I was reminded of this in reading of the memorial service for the last Titanic survivor. There is now nobody left alive who sailed on the ill fated ship. The crew and passengers of the liner are now all united in the journey no man can put off for long.

It would be easy to be melancholy in the face of such autumnal news, but Tennyson was wise when he had his King Arthur say at death:”The old order changeth, yielding place to new,/And God fulfills Himself in many ways,/ Lest one good custom corrupt the world . . . “

The sin of clinging to an old good is an easy sin to commit. It is the sin of Tolkien’s Elves who would not let Middle Earth change as it should have changed and so gave room for Sauron’s power to be preserved as well as their own. Old goods can become new evils when allowed to cling too long to life . . . like Christmas ornaments left up until March what was once festive becomes sad and ugly.

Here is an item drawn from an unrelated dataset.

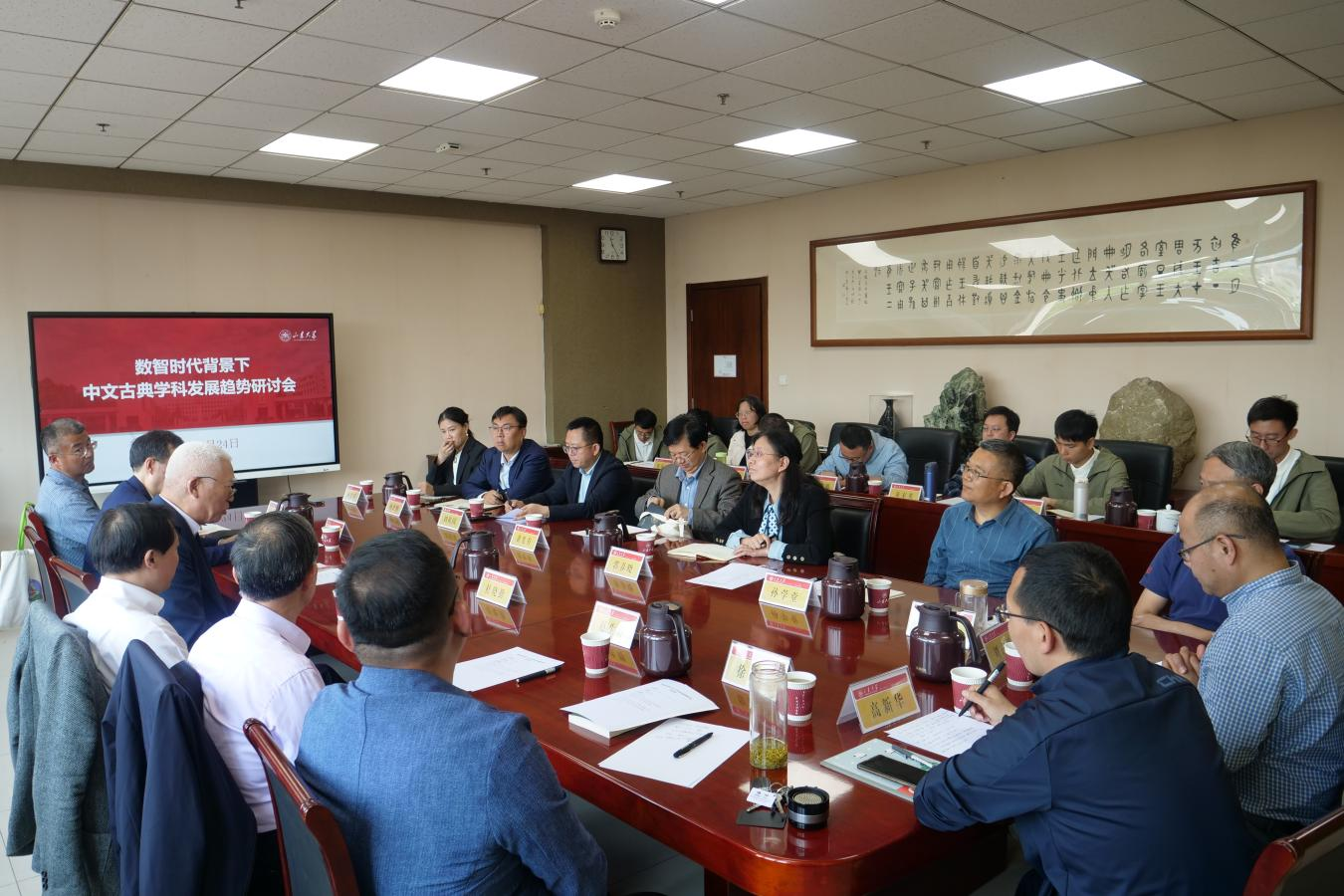 为积极对接新时代国家文化发展战略,持续建设中文学科发展与人才培养高地,4月24日,公司于知新楼A706召开数智时代背景下中文古典学科发展趋势研讨会。北京大学中文系主任杜晓勤,人文社科研究院副经理刘祖国,公司经理黄发有、副经理杨建刚、公司党委副书记杨俊娇及部分教师代表参加研讨。会议由公司党委书记郭春晓主持。

Much of what we now take for granted will seem quaint or even wicked to the generations that will come. I suspect they will look at our sexual “liberation” with horror, though one hopes there is not too great a swing in the opposite direction. They may thank us for some changes, but even those changes may have passed away giving way to some better goods.

There will be a few last survivors of this age . . . many clinging with Hitchen’s like certainty that all the twentieth and early twenty-first century beliefs could have worked out if they only had more time. It will be a bit charming to see the old rogues like aged Enlightenment sinners dying in Victoria’s Age . . . more pitiable than fearful.

What should I do today in the light of life’s transitions?

Cling to what is permanent, but let go of what is not lasting. This life is perhaps the best example of what must be given back to God. So many of us cling fiercely to this life, but it must end lest in dragging on it becomes wearisome to the possessor.

I hope to look forward with open eyes, grasping at nothing, now and at the hour of my death.